WHAT IS REQUIRED:
Set down each record below exactly as it stands. Pictures are not part of the copy.
── STORED DATA
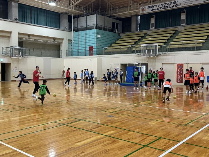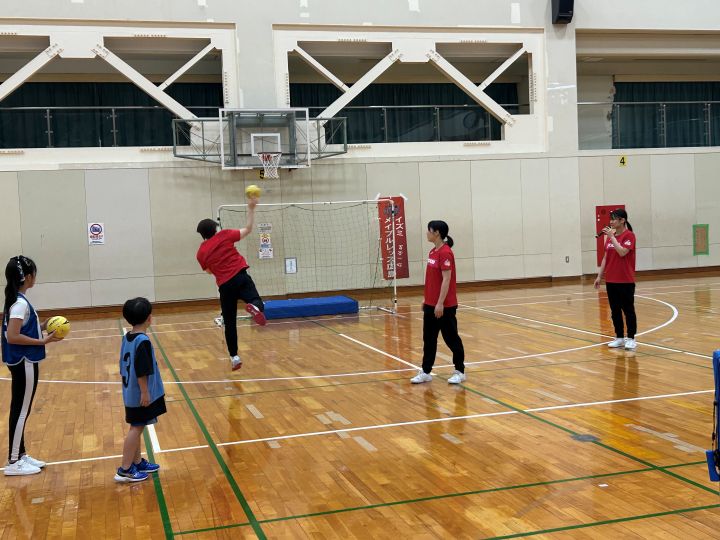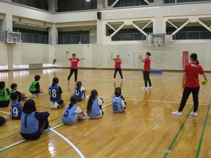 10月25日(土)、イズミメイプルレッズ広島から倉岡選手、加納選手、安藤選手、石川選手、大田選手の5名にお越しいただきハンドボールクリニックを開催しました。
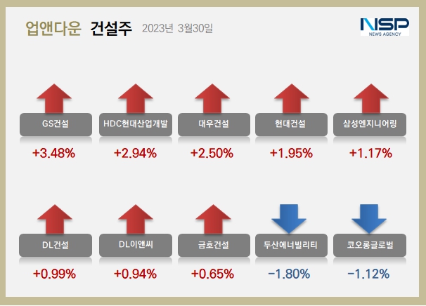 그 외 DL건설(+0.99%),DL이앤씨(+0.94%),금호건설(+0.65%)순으로 상승했다.
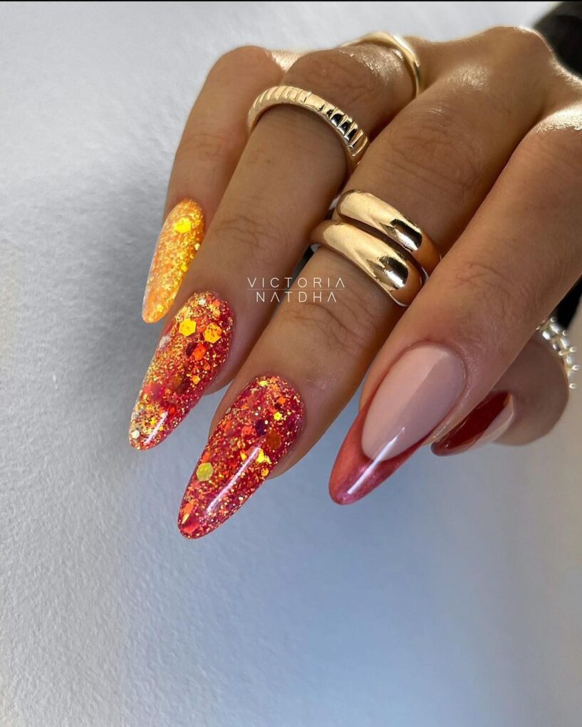 Set your nails on fire with the Spicy Spring Sequins design, which artfully combines bright hues and sparkling glitter to create a vibrant and sophisticated manicure that embodies the spirit of spring.
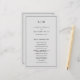 Programme de mariage simple avec un design moderne et élégant avec votre monogramme à deux lettres en haut et vos détails entourés d'une mince bordure. Tout le texte est en noir sur un arrière - plan gris clair et peut être modifié dans l'outil d'édition de conception. Le front a votre ordre de cérémonie et le dos a votre fête de mariage et message de remerciement. Un design chic et design qui conviendra à un couple minimaliste. Ces programmes de mariage bon marché sont imprimés sur des feuilles de papier pour une option économique.
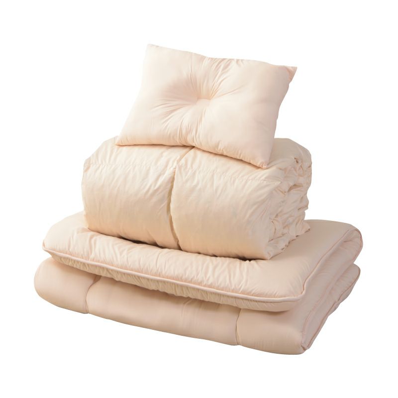 敷き布団カバー:ポリエステル(ピーチスキン加工)/ポリエステル(ピーチスキン加工)
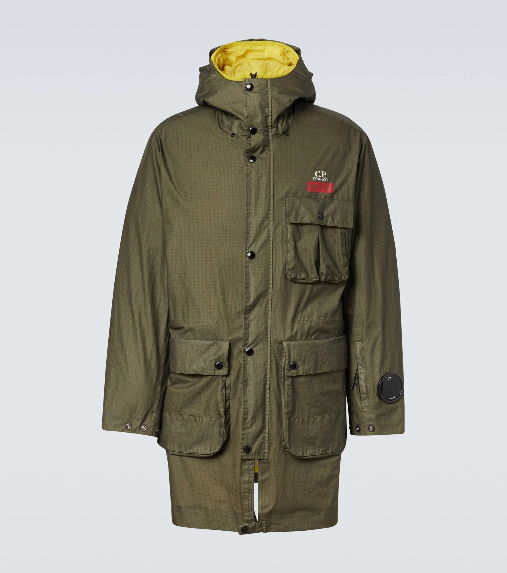 C.P. Company is a leading figure in Italian sportswear. The Mille down jacket is complete with the brand's signature Goggles, a functional asset embedded into the adjustable hood. Product Details - Material: 100% polyamide - Care instructions: machine wash at 30 degrees - Made in China - Designer color name: Capers - Item color: green - Lining: 100% polyamide - Filling: 90% down, 10% feathers - Contains non-textile parts of animal origin - Drawstring hood - Cuff: buttoned - Pockets: utility chest pocket, flap pockets, sleeve pocket, internal pockets - 2-layer shell - Closure: zipper, snap-button fastenings - Specifications: windproof, breathable, water-resistant - Item number: P01078483 Size & Fit - True to size - Loose fit, drawstring waist - Non-stretchy fabric - Falls below the hip - The model in the picture is 185cm-6'1" and wearing a size L
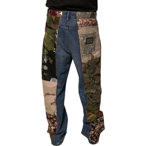 Dolce & Gabbana Blue Patchwork Cotton Straight Denim Jeans
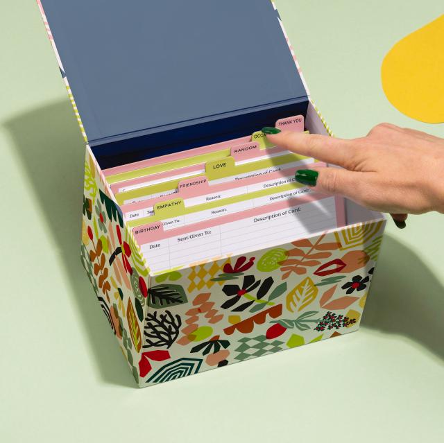 Hey, card lover! We created a box that’s like a file organizer for your cards, keeping ’em organized & safe from coffee spills & cat paws. Besides being cute and sturdy, it’s roomy enough for 60+ cards—and comes stocked with 6 EMF greeting cards! Plus it’s got stickers, tabbed dividers, and a calendar for important dates! OH YEAH, plus an address keeper, trackers to log cards you’ve sent, and tips for writing cards! Did we forget anything? Hmmmmmm… Well, it doesn’t come with a nice warm mug of tea. We thought it might spill.
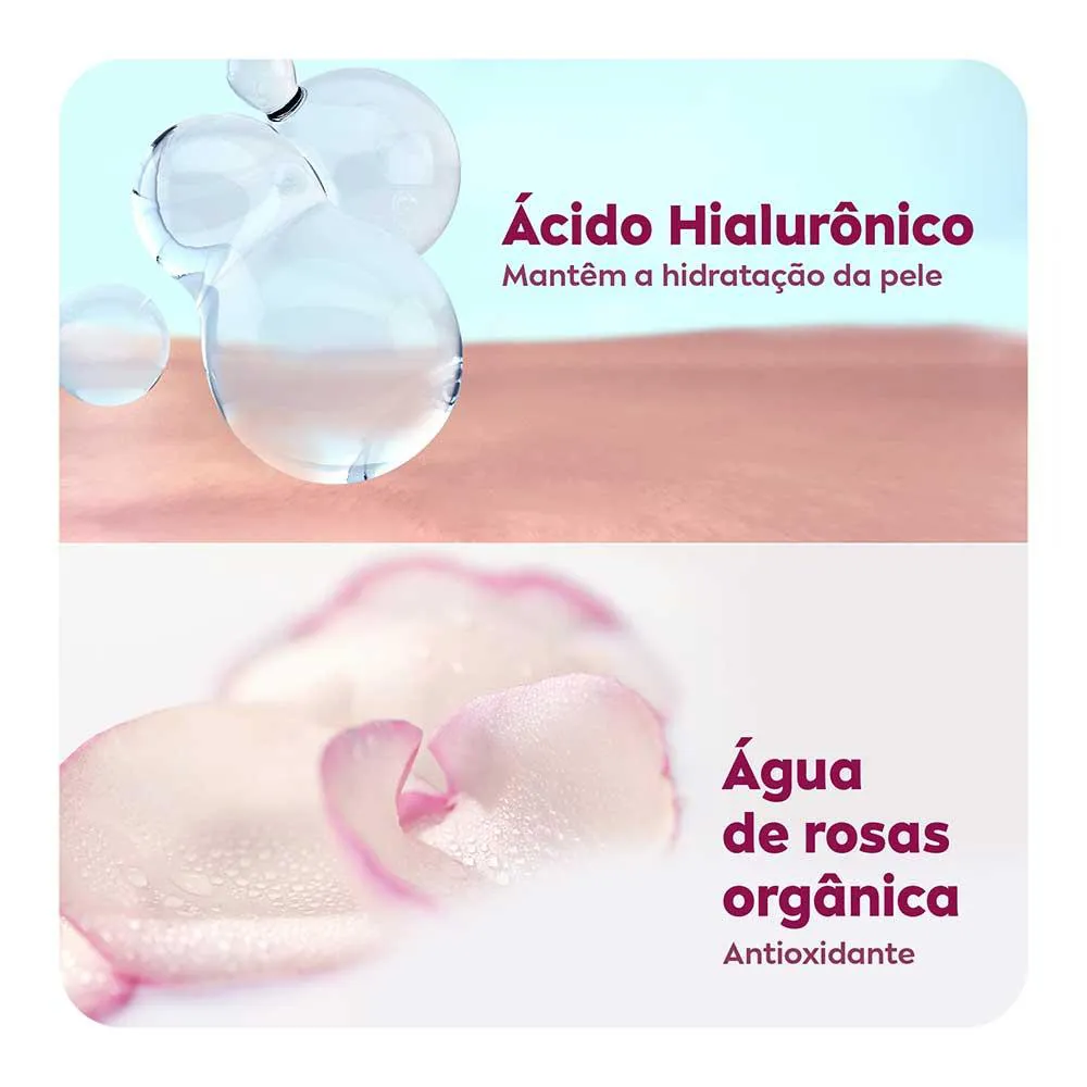 - Fórmula com água de rosas orgânica e antioxidantes.
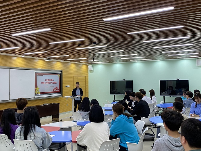 培训会上,赵昆老师结合党史学习教育,以“从党史故事中学全心全意为人民服务”为题为同学们讲授团课,他选取中国共产党百年历史中的典型故事,带领同学们从党史故事中学习革命先辈们的无私奉献精神,领悟中国共产党全心全意为人民服务的宗旨。随后,培训会传达学习了学联工作会议文件、学联历史、规章制度以及作风建设的要求。其中,重点学习了《关于学联学生会工作人员改进作风服务同学的若干规定》,进一步明确了学生会人员在日常工作中的要求,要做到恪守学生本分、牢记服务宗旨、永葆理想情怀、勤勉务实做事、营造平等氛围、摒弃庸俗习气,要实实在在做到全心全意为同学服务。
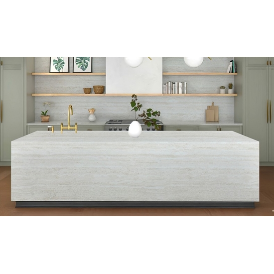Травертин Roman Travertine PD Printed Quartz открывает безмятежный мир вневременной элегантности. Окутанный мягким, теплым бежевым оттенком, напоминающим выгоревший на солнце шелк, его поверхность излучает чистоту и спокойствие, создавая визуально успокаивающую и восстанавливающую основу. Тонкие прожилки переплетаются, словно естественные отпечатки времени, добавляя художественный штрих к его сдержанной роскоши. Каждый сантиметр наполнен тихой роскошью, наполняя любое пространство безмятежной тишиной исторической глубины.
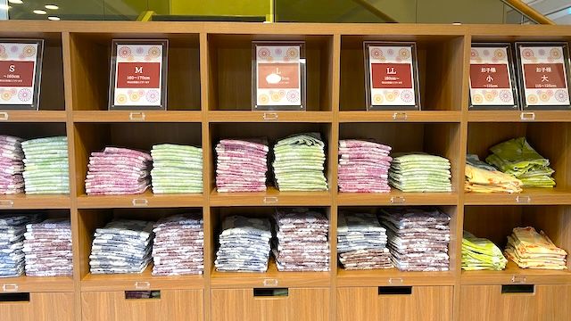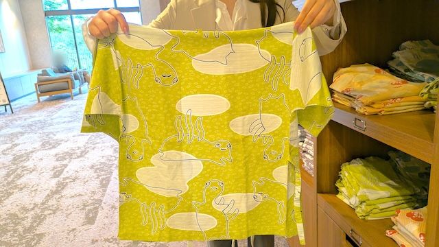 子ども用の甚兵衛もありました。描かれているのは亀の井ホテルのオリジナルキャラクター「ふにゃらん」。背中に温泉マークがある亀の妖精です。このゆるさ、たまらなく可愛い!
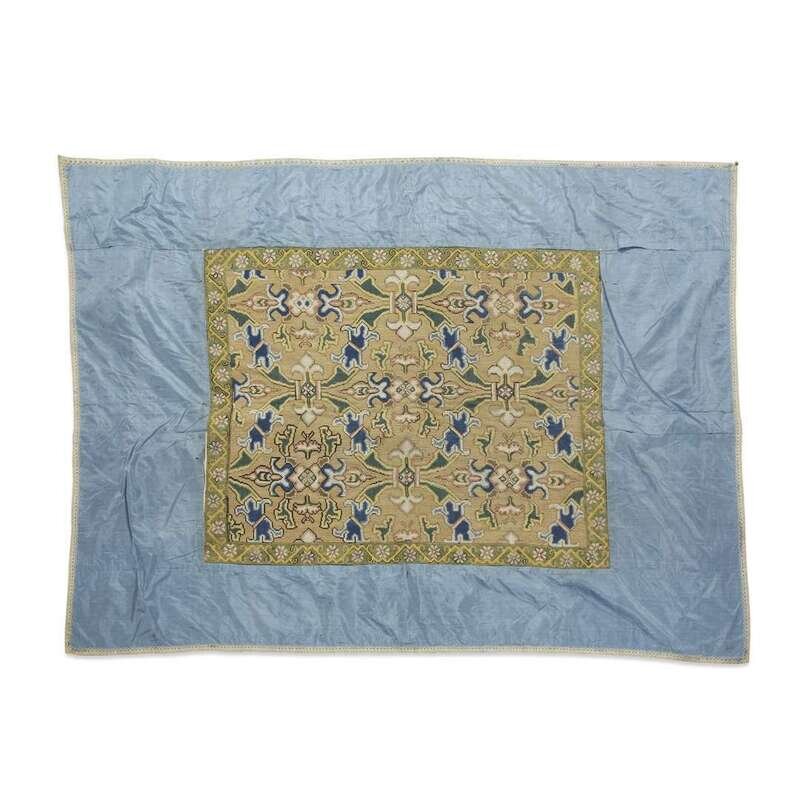 A SPANISH OR PERUVIAN PANEL, POSSIBLY A CUMBI, WITH BLUE SILK BORDER 18th century
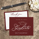 Dark maroon flat, two-sided thank you note cards feature your name, class year, a graduation cap, and the word Graduate in chic white lettering on the front. There is plenty of room on the back to write a handwritten message or compose a message to be printed. MATCHING items and more colours in our collection.
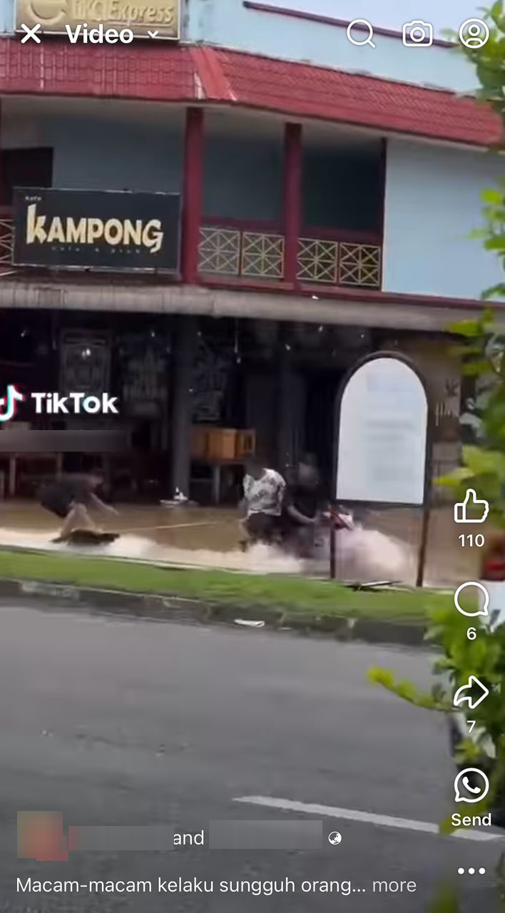 “Utara Kini”面子书昨日上载有关视频,显示一人骑着摩哆,后座乘客拉着绑在摩哆上的绳子,另一人在板上“冲浪”。
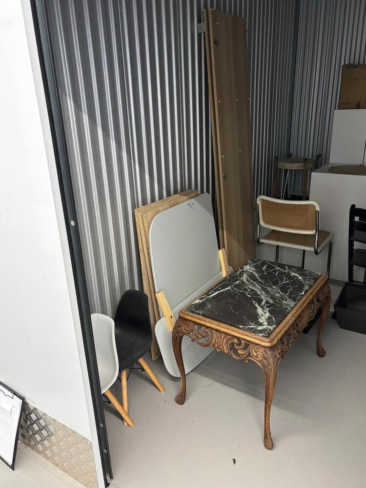 stoelen - kasten - dozen - hout - salontafel (meubilair)
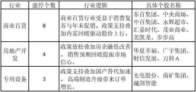 从行业特征来看,今日涨停板个股中,商业百货、房地产开发、专用设备行业的个股最多。
────
COMPLETED EXERCISE:
 10月25日(土)、イズミメイプルレッズ広島から倉岡選手、加納選手、安藤選手、石川選手、大田選手の5名にお越しいただきハンドボールクリニックを開催しました。
 그 외 DL건설(+0.99%),DL이앤씨(+0.94%),금호건설(+0.65%)순으로 상승했다.
 Set your nails on fire with the Spicy Spring Sequins design, which artfully combines bright hues and sparkling glitter to create a vibrant and sophisticated manicure that embodies the spirit of spring.
 Programme de mariage simple avec un design moderne et élégant avec votre monogramme à deux lettres en haut et vos détails entourés d'une mince bordure. Tout le texte est en noir sur un arrière - plan gris clair et peut être modifié dans l'outil d'édition de conception. Le front a votre ordre de cérémonie et le dos a votre fête de mariage et message de remerciement. Un design chic et design qui conviendra à un couple minimaliste. Ces programmes de mariage bon marché sont imprimés sur des feuilles de papier pour une option économique.
 敷き布団カバー:ポリエステル(ピーチスキン加工)/ポリエステル(ピーチスキン加工)
 C.P. Company is a leading figure in Italian sportswear. The Mille down jacket is complete with the brand's signature Goggles, a functional asset embedded into the adjustable hood. Product Details - Material: 100% polyamide - Care instructions: machine wash at 30 degrees - Made in China - Designer color name: Capers - Item color: green - Lining: 100% polyamide - Filling: 90% down, 10% feathers - Contains non-textile parts of animal origin - Drawstring hood - Cuff: buttoned - Pockets: utility chest pocket, flap pockets, sleeve pocket, internal pockets - 2-layer shell - Closure: zipper, snap-button fastenings - Specifications: windproof, breathable, water-resistant - Item number: P01078483 Size & Fit - True to size - Loose fit, drawstring waist - Non-stretchy fabric - Falls below the hip - The model in the picture is 185cm-6'1" and wearing a size L
 Dolce & Gabbana Blue Patchwork Cotton Straight Denim Jeans
 Hey, card lover! We created a box that’s like a file organizer for your cards, keeping ’em organized & safe from coffee spills & cat paws. Besides being cute and sturdy, it’s roomy enough for 60+ cards—and comes stocked with 6 EMF greeting cards! Plus it’s got stickers, tabbed dividers, and a calendar for important dates! OH YEAH, plus an address keeper, trackers to log cards you’ve sent, and tips for writing cards! Did we forget anything? Hmmmmmm… Well, it doesn’t come with a nice warm mug of tea. We thought it might spill.
 - Fórmula com água de rosas orgânica e antioxidantes.
 培训会上,赵昆老师结合党史学习教育,以“从党史故事中学全心全意为人民服务”为题为同学们讲授团课,他选取中国共产党百年历史中的典型故事,带领同学们从党史故事中学习革命先辈们的无私奉献精神,领悟中国共产党全心全意为人民服务的宗旨。随后,培训会传达学习了学联工作会议文件、学联历史、规章制度以及作风建设的要求。其中,重点学习了《关于学联学生会工作人员改进作风服务同学的若干规定》,进一步明确了学生会人员在日常工作中的要求,要做到恪守学生本分、牢记服务宗旨、永葆理想情怀、勤勉务实做事、营造平等氛围、摒弃庸俗习气,要实实在在做到全心全意为同学服务。
Травертин Roman Travertine PD Printed Quartz открывает безмятежный мир вневременной элегантности. Окутанный мягким, теплым бежевым оттенком, напоминающим выгоревший на солнце шелк, его поверхность излучает чистоту и спокойствие, создавая визуально успокаивающую и восстанавливающую основу. Тонкие прожилки переплетаются, словно естественные отпечатки времени, добавляя художественный штрих к его сдержанной роскоши. Каждый сантиметр наполнен тихой роскошью, наполняя любое пространство безмятежной тишиной исторической глубины.
 子ども用の甚兵衛もありました。描かれているのは亀の井ホテルのオリジナルキャラクター「ふにゃらん」。背中に温泉マークがある亀の妖精です。このゆるさ、たまらなく可愛い!
 A SPANISH OR PERUVIAN PANEL, POSSIBLY A CUMBI, WITH BLUE SILK BORDER 18th century
 Dark maroon flat, two-sided thank you note cards feature your name, class year, a graduation cap, and the word Graduate in chic white lettering on the front. There is plenty of room on the back to write a handwritten message or compose a message to be printed. MATCHING items and more colours in our collection.
 “Utara Kini”面子书昨日上载有关视频,显示一人骑着摩哆,后座乘客拉着绑在摩哆上的绳子,另一人在板上“冲浪”。
 stoelen - kasten - dozen - hout - salontafel (meubilair)
 从行业特征来看,今日涨停板个股中,商业百货、房地产开发、专用设备行业的个股最多。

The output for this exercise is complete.